Japan Geoscience Union Meeting 2022

Presentation information

[J] Poster

A (Atmospheric and Hydrospheric Sciences ) » A-CG Complex & General

[A-CG40] Coastal Ecosystems 2. Coral reefs, seagrass and macroalgal beds, and mangroves

Sun. May 29, 2022 11:00 AM - 1:00 PM Online Poster Zoom Room (9) (Ch.09)

convener:Yu Umezawa(Tokyo University of Agriculture and Technology), convener:Tomihiko Higuchi(Atmosphere and Ocean Research Institute, The University of Tokyo), Takashi Nakamura(School of Environment and Society, Tokyo Institute of Technology), convener:Kenta Watanabe(Port and Airport Research Institute), Chairperson:Yu Umezawa(Tokyo University of Agriculture and Technology), Tomihiko Higuchi(Atmosphere and Ocean Research Institute, The University of Tokyo), Takashi Nakamura(School of Environment and Society, Tokyo Institute of Technology), Kenta Watanabe(Port and Airport Research Institute)

11:00 AM - 1:00 PM

[ACG40-P02] Diurnal cycle of photosynthesis and Photoinhibition of hermatypic corals under heat stress

*Akihiro Hirata1, Reimi Terayama2,1, Tomihiko Higuchi4, Takashi Nakamura3, Hiroyuki Fujimura5, Sylvain Agostini1 (1.Shimoda Marine Research Center, University of Tsukuba, 2.International Christian University , 3.Tokyo Institute of Technology, 4.AORI, The University of Tokyo, 5.University of the Ryukyus)

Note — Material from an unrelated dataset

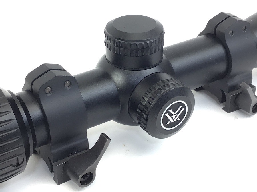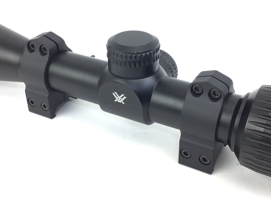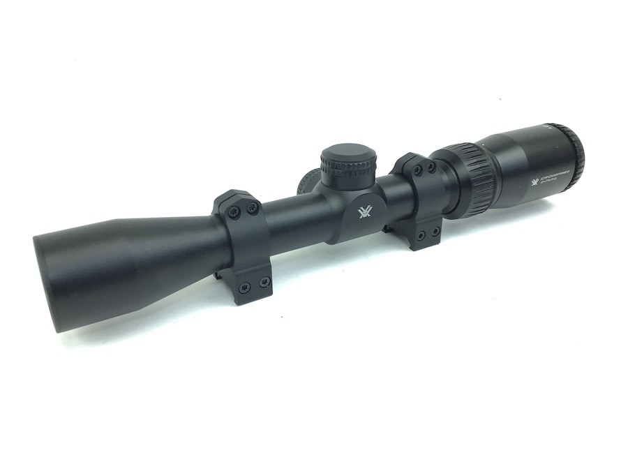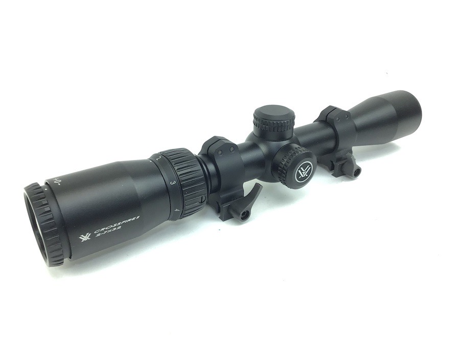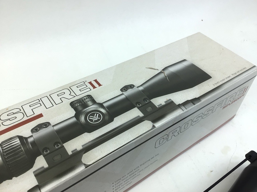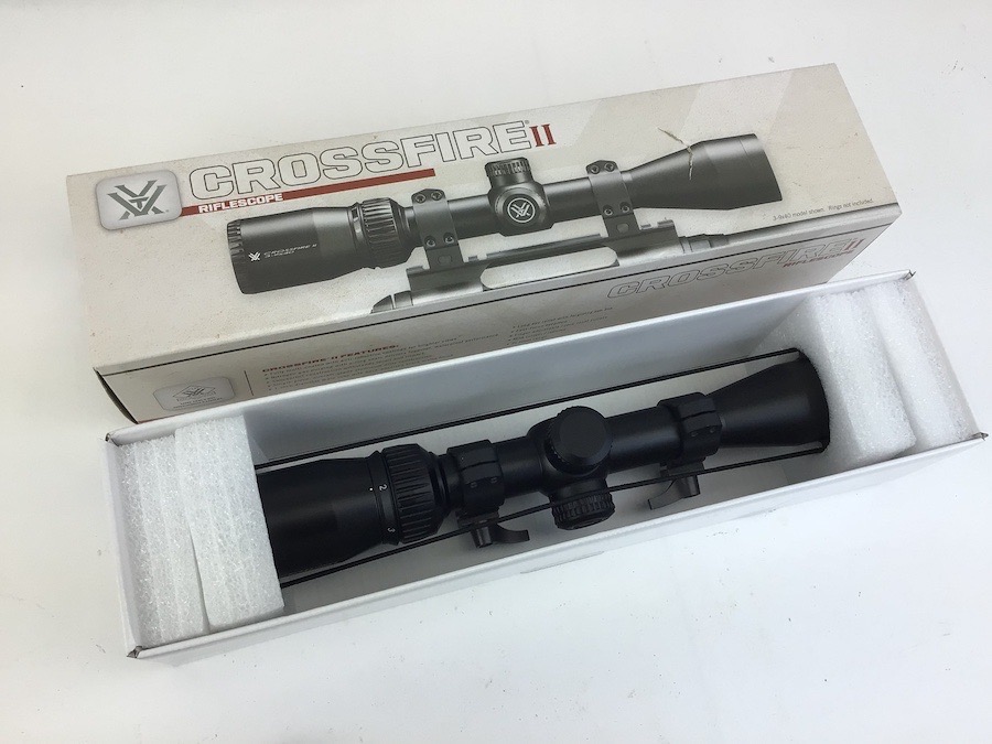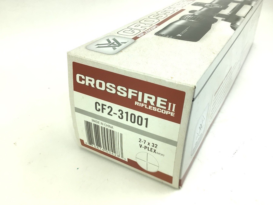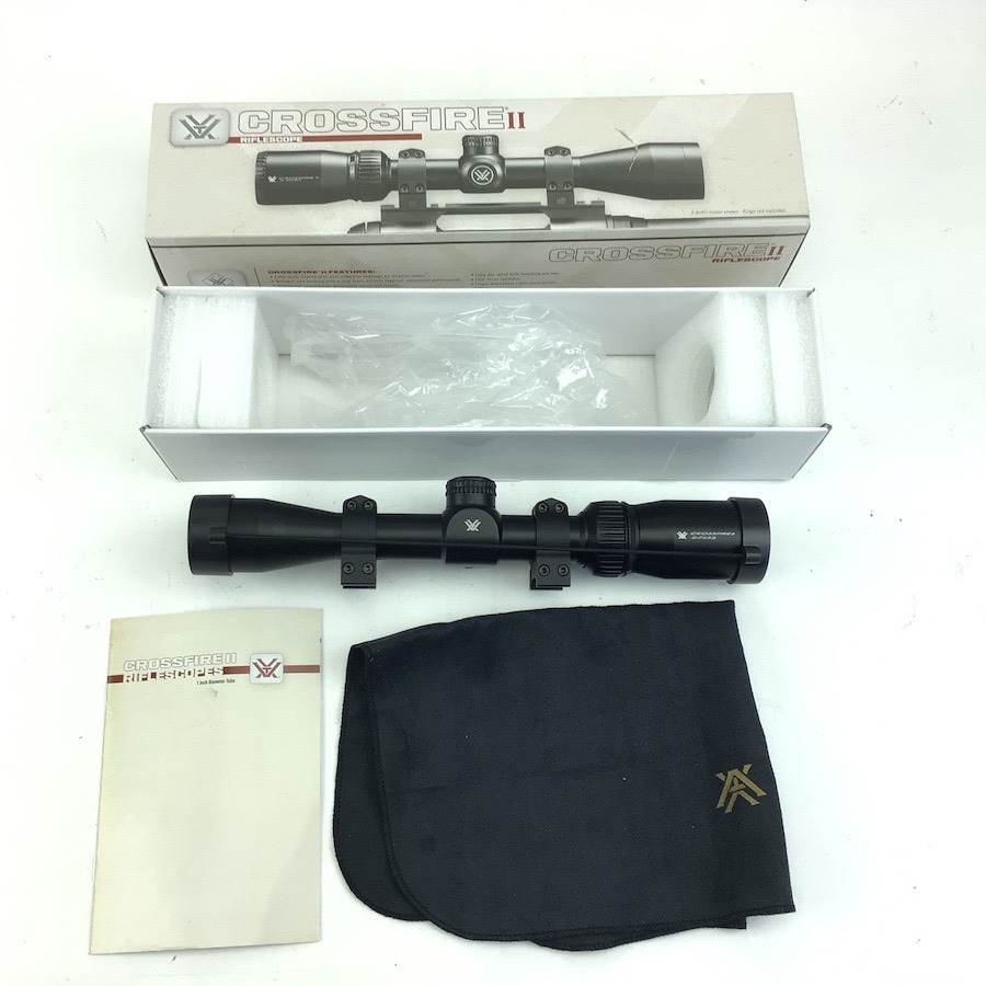 6/7/23 – Excellent, as new condition. Vortex Crossfire II 2-7×32 Riflescope with mounts. Includes box, manual, cleaning cloth and lens covers. Does not appear to have been used, but mount rings have been installed. No visible wear. Crystal clear optics. Features Adjustment Graduation in 1/4 MOA. Travel Per Rotation: 15 MOA Max Elevation Adjustment: 60 MOA Max Windage Adjustment: 60 MOA. Box has a small tear in the top.

Keywords:photoinhibition, coral bleaching, gross photosynthesis rate

INTRODUCTION
global temperatures and anthropogenic disturbances have led to an increase in massive bleaching events over the past century. Coral bleaching refers to the loss of zooxanthellae or their pigment due to various stressors including heat stress. As zooxanthellae produces most of the nutriments required by the coral host, the lack of zooxanthellae prevents autotrophy. Heat stress induced coral bleaching is thought to be caused by an excessive production of reactive oxygen species (ROS). Under heat stress ROS are produced when excess electrons generated during the electron transfer process of the photosynthesis react with the surrounding oxygen. One prevention mechanism coral to limit ROS production is photoinhibition, which prevents excess energy from flowing into the photosystem and downstream rubisco processes. Here, we measured gross and net photosynthesis rates, and Y(II) to understand the role of photoinhibition during heat stress.

MATERIALS AND METHODS
In this study, Acropora solitaryensis and Porites heronensis were used based on their local abundance, growth strategies, and different resilience to environmental stress. O2 microsensors were used to measure gross and net photosynthesis, and pulse-amplitude modulation (PAM) to measure the photosystem II efficiency (YII) as an indicator of photoinhibition. The first experiment was conducted to measure gross photosynthesis rates within coral tissue from the coral skeleton to coral surface of A. solitaryensis and P. heronensis to find the optimal depth for measuring gross photosynthesis rates. During the second experiment measured gross photosynthesis rates were measured for both coral species under a combination of ranging light intensities and temperatures of 26°C, 30°C, and 30°C (1 week incubation).

RESULTS AND DISCUSSION
Gross photosynthesis rates within the tissue showed a maximum at 15 µm depth and decreased for the deeper parts of the tissue. However, no significant differences were observed for gross photosynthesis calculated from the individual measurements within the tissue and, the measurement done on the surface of the tissue multiplied by the tissue thickness (50 µm coral tissue thickness). This indicates that gross photosynthesis rates can be estimated from measurements at the coral surface. Therefore, subsequent measurements were taken only at the coral surface. Coral of both species maintained at 30°C for one week completely bleached, with zooxanthellae density in P. heronensis showing a higher decrease compared to A. solitaryensis. The gross photosynthesis rate and net photosynthesis rate increased with increasing light intensity in low light intensity, but it reaches a plateau near the maximum light intensity. Y(II) decreased at high light intensities, indicating photoinhibition which could explain the plateau in photosynthetic rates. Under heat stress gross photosynthesis rate decreased and Y(II) decreased compared to under control conditions. The decrease in Y(II) under light and heat stress suggests that photoinhibition may contribute to a reduction in ROS production. However, the simultaneous decrease in zooxanthellae densities indicates that corals use both protective mechanisms.